**Stored items from a collection**:
-------------------------

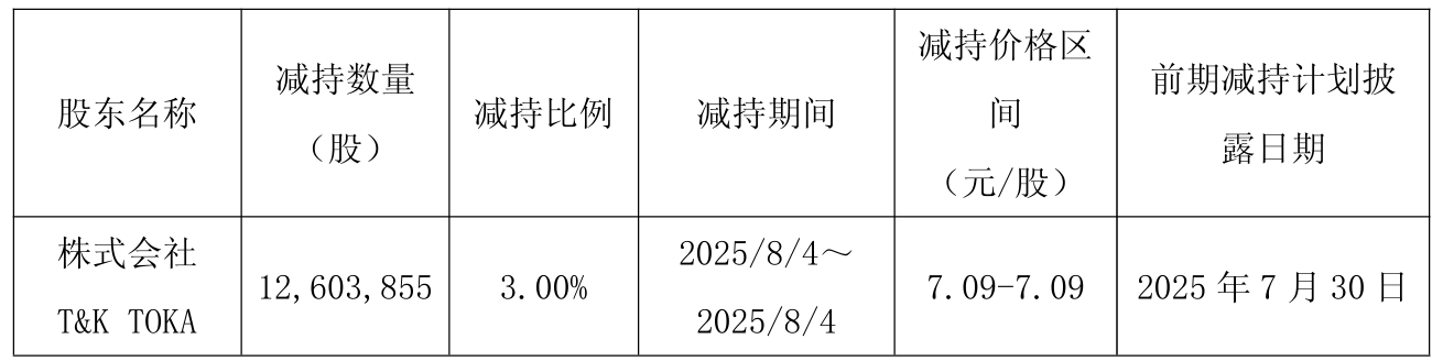 截至本公告披露日,TOKA持有公司股份1.12亿股,占公司总股本的26.36%,为公司第二大股东。该股东无一致行动人,上述股份来源为公司首次公开发行前取得的股份以及公司实施资本公积金转增股本取得的股份。
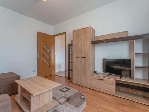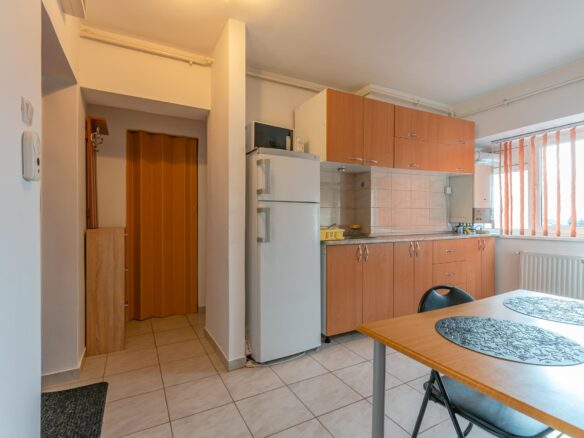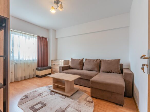 Garsoniera are o suprafata utila de 28 mp, fiind compusa din: camera, bucatarie, baie, debara si hol. Imobilul se inchiriaza mobilat si utilat (masina de spalat rufe, aragaz, frigider, cuptor microunde si TV) conform fotografiilor de prezentare.
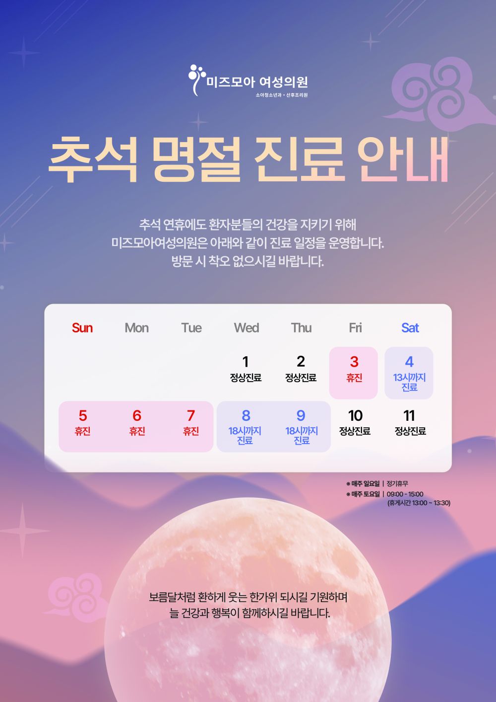 10월 휴진안내 입니다. 관리자 25-09-26 09:23 페이지 정보 목록목록 본문 10월 3일 개천절 휴무 10월 4일 토요일 1시까지 진료10월 6월 7일 휴진 입니다.10월 8일 9일 6시까지 진료10월 10일부터 정상진료 합니다. ^^보름달처럼 환하게 웃는 한가위 되시길 기원하며 늘 건강과 행복이 함께 하시길 바랍니다. 이전글12월 휴무 안내 25.12.11
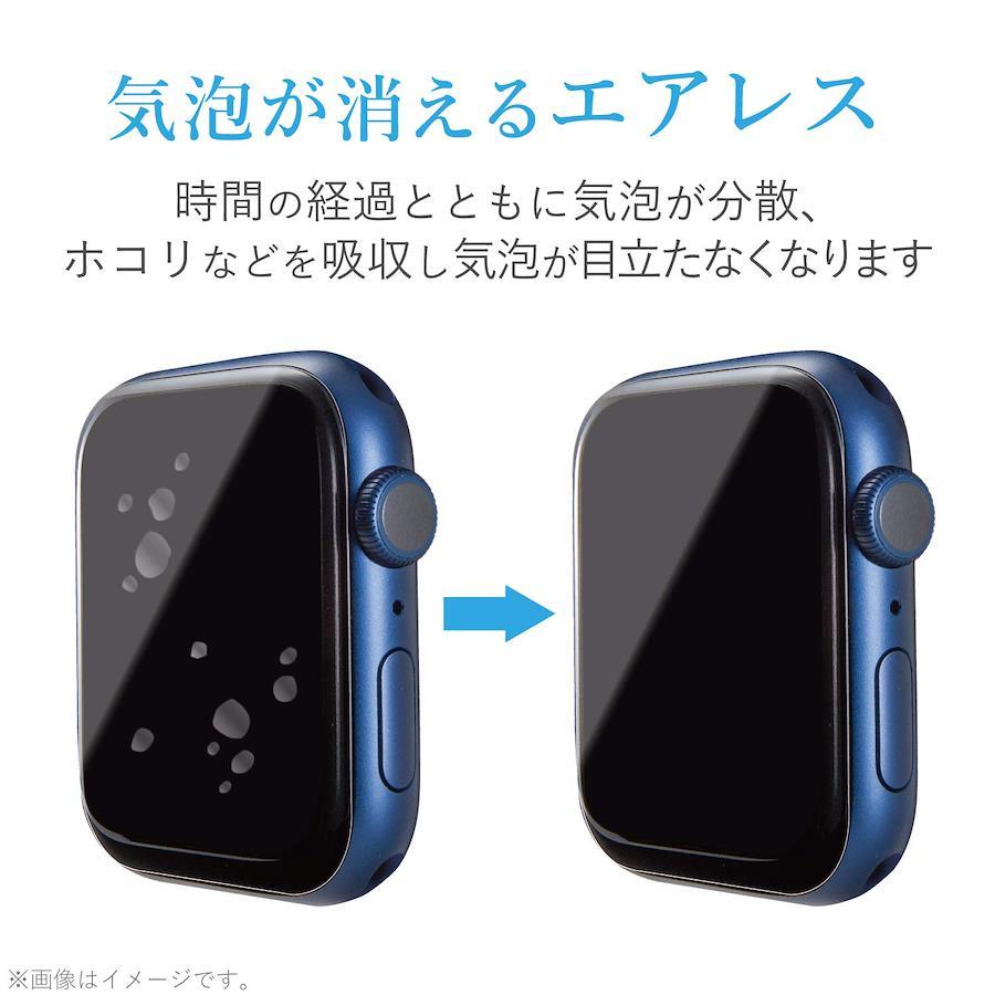 【 説明 】■ 画面の曲面に沿った3D設計で、端末のデザインを損なわずに衝撃から守るブルーライトカットタイプのApple Watch用フルカバーフィルムです。■ 非常に柔らかいウレタン素材を採用する事により、湾曲部分に追従し画面の端まで保護することができ、Apple Watch独自のデザインを損なわず、まるでフィルムを貼っていないような仕上がりになります。■ 画面の隅から隅までしっかり保護できるフルラウンド設計です。■ フレームがない透明タイプで、本体のデザインを損ないません。■ つやのある高光沢加工により、画像の輪郭がくっきり見える高光沢タイプです。■ 時間の経過とともに気泡が目立たなくなる特殊吸着層を採用したエアレスタイプです。■ 小さな気泡ができたときには、付属
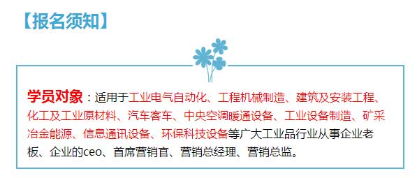 【10月27-29日】工業(yè)品營銷高層研修系列—營銷戰(zhàn)略/品牌推廣/營銷管控/高層公關(guān)/打造團隊/突破瓶頸 |
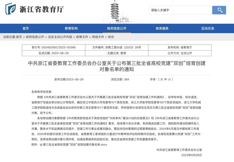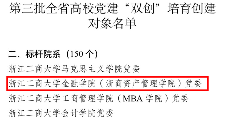 近日,浙江省委教育工委公布了全省第三批高校党建“双创”培育创建对象名单,博彩网站 所在党委博彩网站 (浙商资产管理学院)党委入选全省高校党建“标杆院系”培育创建单位。
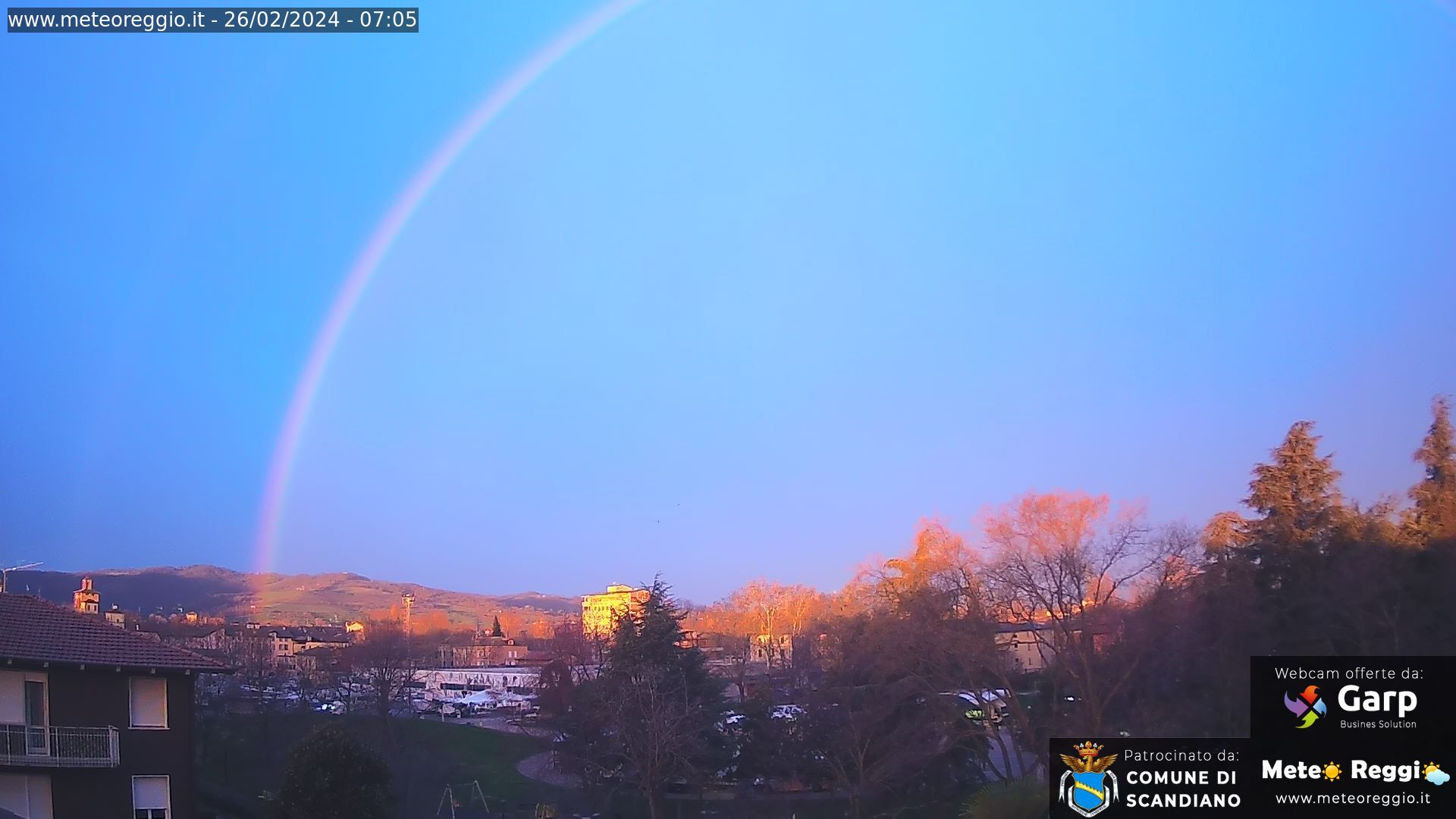 La piccola fessura di cielo libero ad est ci ha permesso di poter godere per pochi minuti di uno spettacolare arcobaleno che si è manifestato su gran parte della Provincia.
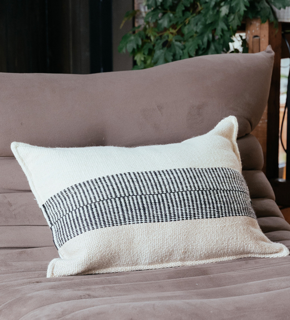 Los almohadones de la colección Valle están tejidos con lana, y se caracterizan por sus diseños de rayas, cruces y motivos geométricos, que aportan carácter y una identidad marcada al ambiente.
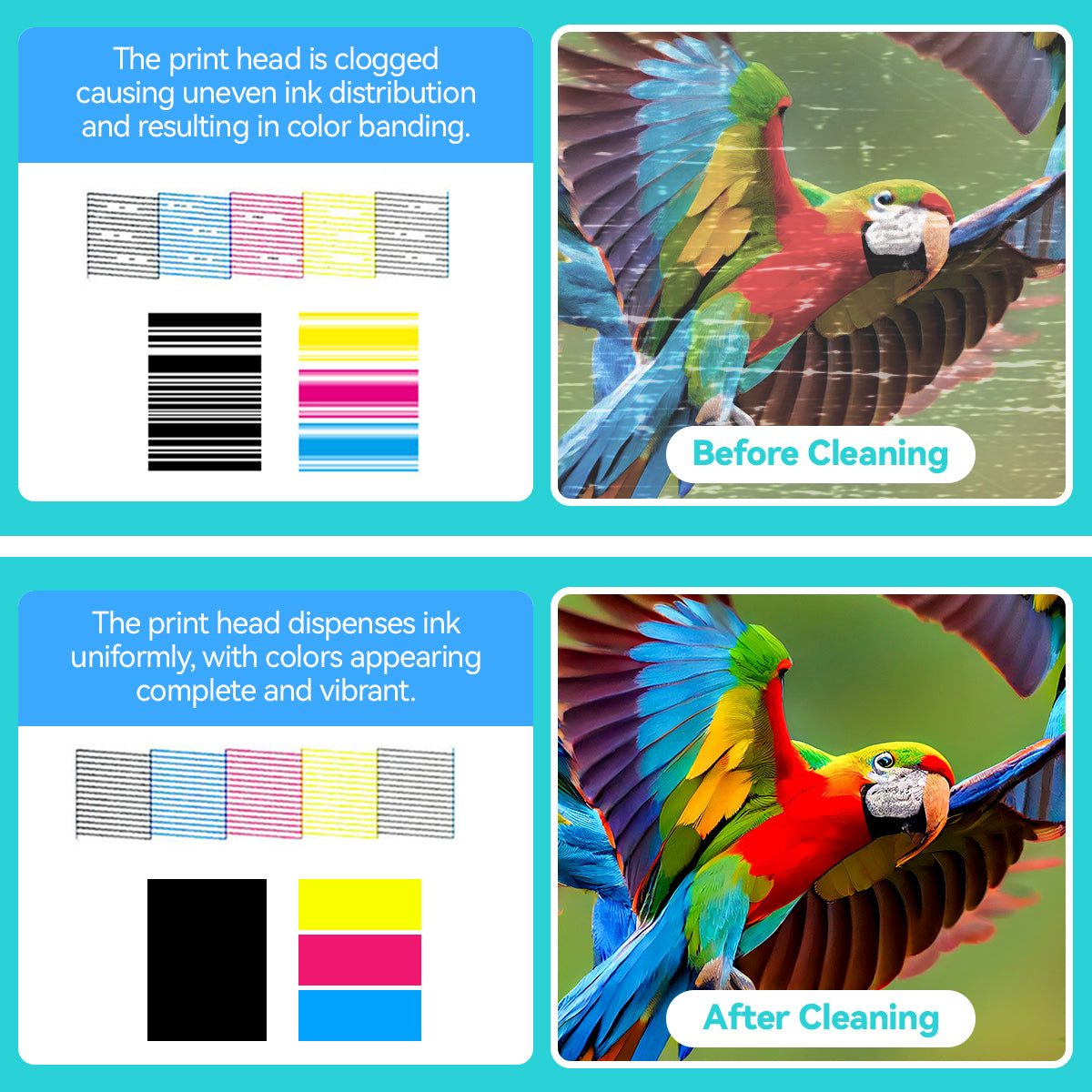 Once nozzles are cleared, ink flows smoothly, resulting in sharper detail, richer colors, and more uniform printing performance.
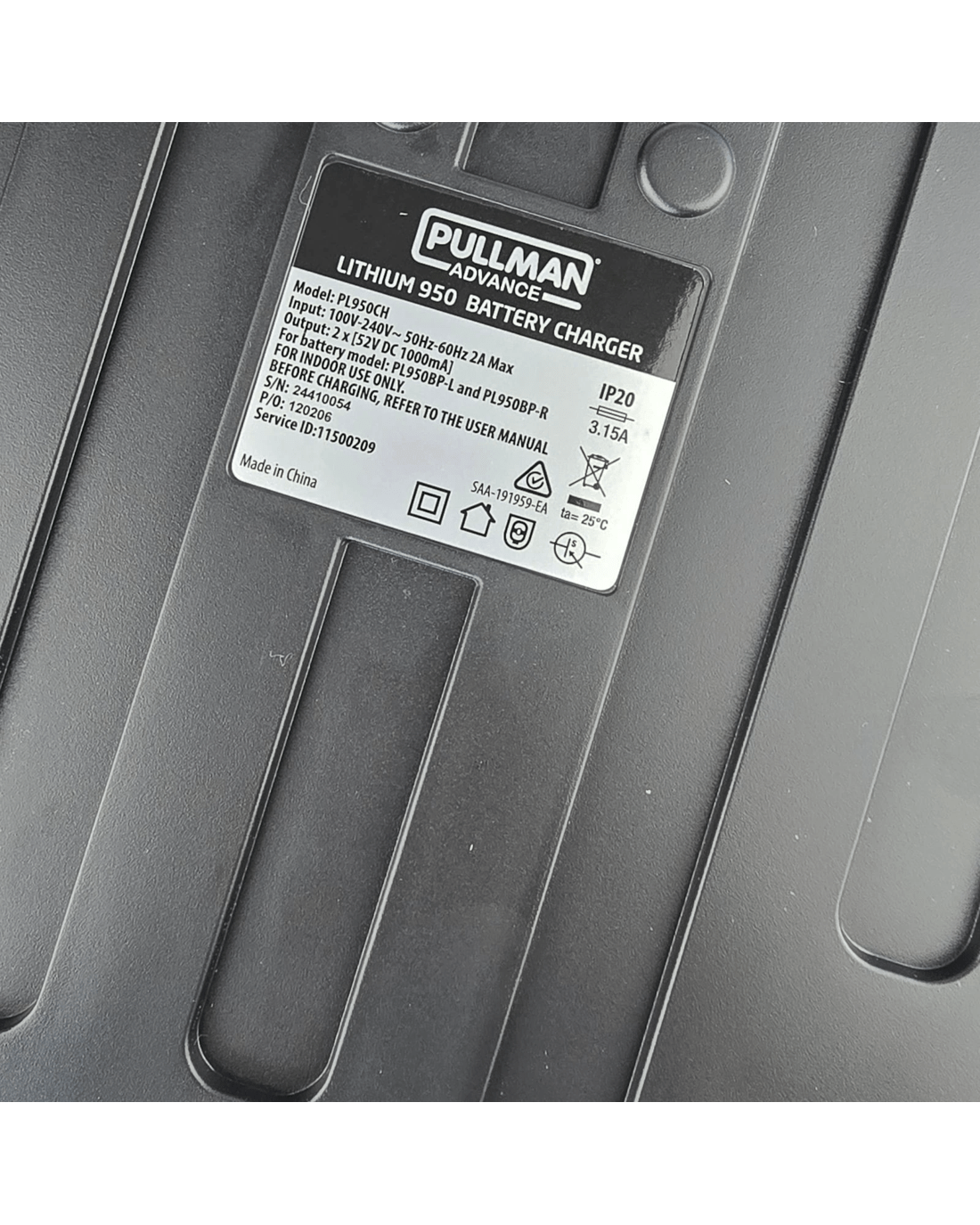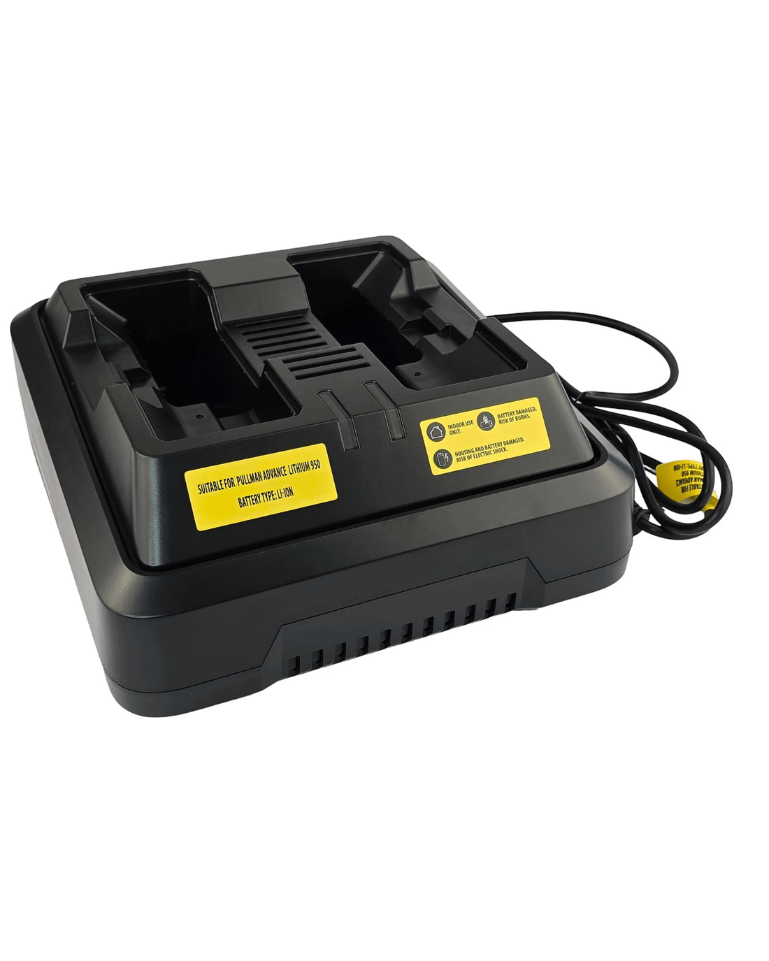 The Pullman Charger for Pullman Advance PL950 Backpack Vacuum Cleaner Batteries is tailored specifically for the Pullman PL950 model. It ensures the optimal delivery of voltage and current to safely recharge the lithium-ion battery packs. This charger is designed to work with both the left and right batteries of the PL950, providing consistent power to maintain vacuum performance.

-------------------------

**PROBLEM TO WORK ON**: Every record, word for word, should be given back without its pictures.

**THE COMPLETED TASK**:
 截至本公告披露日,TOKA持有公司股份1.12亿股,占公司总股本的26.36%,为公司第二大股东。该股东无一致行动人,上述股份来源为公司首次公开发行前取得的股份以及公司实施资本公积金转增股本取得的股份。
 Garsoniera are o suprafata utila de 28 mp, fiind compusa din: camera, bucatarie, baie, debara si hol. Imobilul se inchiriaza mobilat si utilat (masina de spalat rufe, aragaz, frigider, cuptor microunde si TV) conform fotografiilor de prezentare.
 10월 휴진안내 입니다. 관리자 25-09-26 09:23 페이지 정보 목록목록 본문 10월 3일 개천절 휴무 10월 4일 토요일 1시까지 진료10월 6월 7일 휴진 입니다.10월 8일 9일 6시까지 진료10월 10일부터 정상진료 합니다. ^^보름달처럼 환하게 웃는 한가위 되시길 기원하며 늘 건강과 행복이 함께 하시길 바랍니다. 이전글12월 휴무 안내 25.12.11
 【 説明 】■ 画面の曲面に沿った3D設計で、端末のデザインを損なわずに衝撃から守るブルーライトカットタイプのApple Watch用フルカバーフィルムです。■ 非常に柔らかいウレタン素材を採用する事により、湾曲部分に追従し画面の端まで保護することができ、Apple Watch独自のデザインを損なわず、まるでフィルムを貼っていないような仕上がりになります。■ 画面の隅から隅までしっかり保護できるフルラウンド設計です。■ フレームがない透明タイプで、本体のデザインを損ないません。■ つやのある高光沢加工により、画像の輪郭がくっきり見える高光沢タイプです。■ 時間の経過とともに気泡が目立たなくなる特殊吸着層を採用したエアレスタイプです。■ 小さな気泡ができたときには、付属
 【10月27-29日】工業(yè)品營銷高層研修系列—營銷戰(zhàn)略/品牌推廣/營銷管控/高層公關(guān)/打造團隊/突破瓶頸 |
 近日,浙江省委教育工委公布了全省第三批高校党建“双创”培育创建对象名单,博彩网站 所在党委博彩网站 (浙商资产管理学院)党委入选全省高校党建“标杆院系”培育创建单位。
 La piccola fessura di cielo libero ad est ci ha permesso di poter godere per pochi minuti di uno spettacolare arcobaleno che si è manifestato su gran parte della Provincia.
 Los almohadones de la colección Valle están tejidos con lana, y se caracterizan por sus diseños de rayas, cruces y motivos geométricos, que aportan carácter y una identidad marcada al ambiente.
 Once nozzles are cleared, ink flows smoothly, resulting in sharper detail, richer colors, and more uniform printing performance.
 The Pullman Charger for Pullman Advance PL950 Backpack Vacuum Cleaner Batteries is tailored specifically for the Pullman PL950 model. It ensures the optimal delivery of voltage and current to safely recharge the lithium-ion battery packs. This charger is designed to work with both the left and right batteries of the PL950, providing consistent power to maintain vacuum performance.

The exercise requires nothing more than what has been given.